Only the lines from the line with "中糧北緯580平簡(jiǎn)歐風(fēng)裝修案例圖—餐廳" through the end of the records belong in your reply, copied exactly, with every picture left out.

=== EXERCISE DATA ===

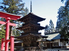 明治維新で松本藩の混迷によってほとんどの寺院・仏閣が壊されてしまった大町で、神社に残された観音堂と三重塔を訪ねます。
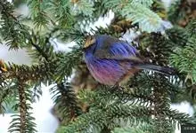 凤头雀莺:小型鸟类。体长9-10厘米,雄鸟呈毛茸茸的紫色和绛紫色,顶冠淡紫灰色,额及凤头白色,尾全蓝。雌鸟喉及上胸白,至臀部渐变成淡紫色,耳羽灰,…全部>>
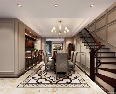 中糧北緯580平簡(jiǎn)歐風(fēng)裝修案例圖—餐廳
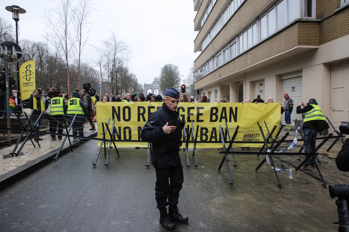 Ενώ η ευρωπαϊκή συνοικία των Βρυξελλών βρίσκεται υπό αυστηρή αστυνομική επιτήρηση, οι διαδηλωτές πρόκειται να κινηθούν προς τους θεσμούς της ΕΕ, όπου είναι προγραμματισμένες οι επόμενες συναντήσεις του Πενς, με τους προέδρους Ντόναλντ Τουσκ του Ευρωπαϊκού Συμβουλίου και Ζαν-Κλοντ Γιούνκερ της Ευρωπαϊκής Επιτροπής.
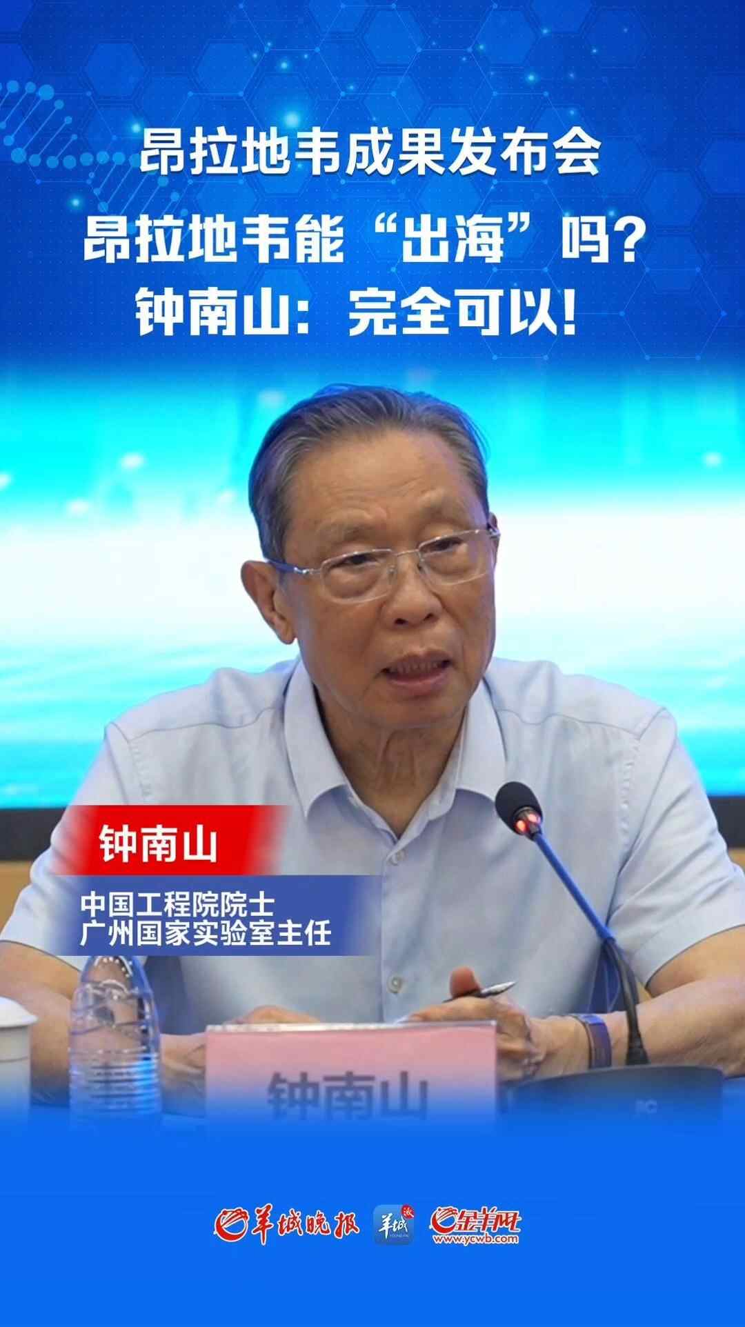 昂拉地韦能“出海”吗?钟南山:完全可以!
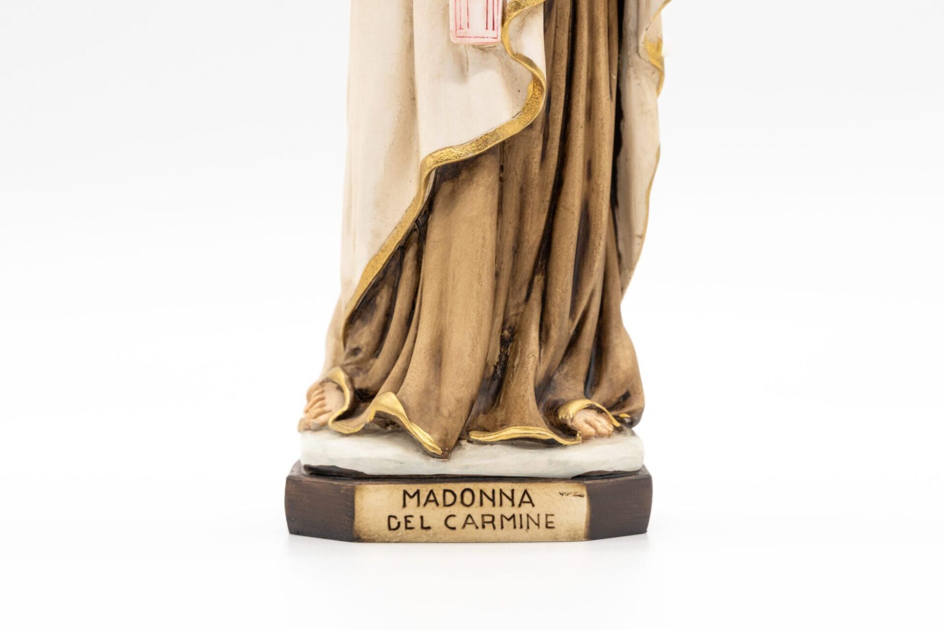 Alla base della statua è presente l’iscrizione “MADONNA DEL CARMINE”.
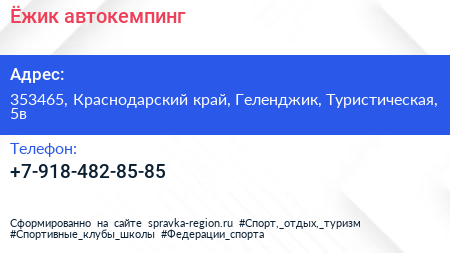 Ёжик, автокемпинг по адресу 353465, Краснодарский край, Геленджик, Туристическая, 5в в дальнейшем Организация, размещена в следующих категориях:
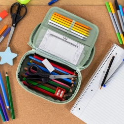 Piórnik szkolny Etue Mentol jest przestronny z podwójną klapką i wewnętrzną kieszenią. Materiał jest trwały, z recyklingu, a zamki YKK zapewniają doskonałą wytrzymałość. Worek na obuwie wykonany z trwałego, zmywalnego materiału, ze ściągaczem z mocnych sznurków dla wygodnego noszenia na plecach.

===

OUTPUT FOR THIS EXERCISE:
 中糧北緯580平簡(jiǎn)歐風(fēng)裝修案例圖—餐廳
 Ενώ η ευρωπαϊκή συνοικία των Βρυξελλών βρίσκεται υπό αυστηρή αστυνομική επιτήρηση, οι διαδηλωτές πρόκειται να κινηθούν προς τους θεσμούς της ΕΕ, όπου είναι προγραμματισμένες οι επόμενες συναντήσεις του Πενς, με τους προέδρους Ντόναλντ Τουσκ του Ευρωπαϊκού Συμβουλίου και Ζαν-Κλοντ Γιούνκερ της Ευρωπαϊκής Επιτροπής.
 昂拉地韦能“出海”吗?钟南山:完全可以!
 Alla base della statua è presente l’iscrizione “MADONNA DEL CARMINE”.
 Ёжик, автокемпинг по адресу 353465, Краснодарский край, Геленджик, Туристическая, 5в в дальнейшем Организация, размещена в следующих категориях:
 Piórnik szkolny Etue Mentol jest przestronny z podwójną klapką i wewnętrzną kieszenią. Materiał jest trwały, z recyklingu, a zamki YKK zapewniają doskonałą wytrzymałość. Worek na obuwie wykonany z trwałego, zmywalnego materiału, ze ściągaczem z mocnych sznurków dla wygodnego noszenia na plecach.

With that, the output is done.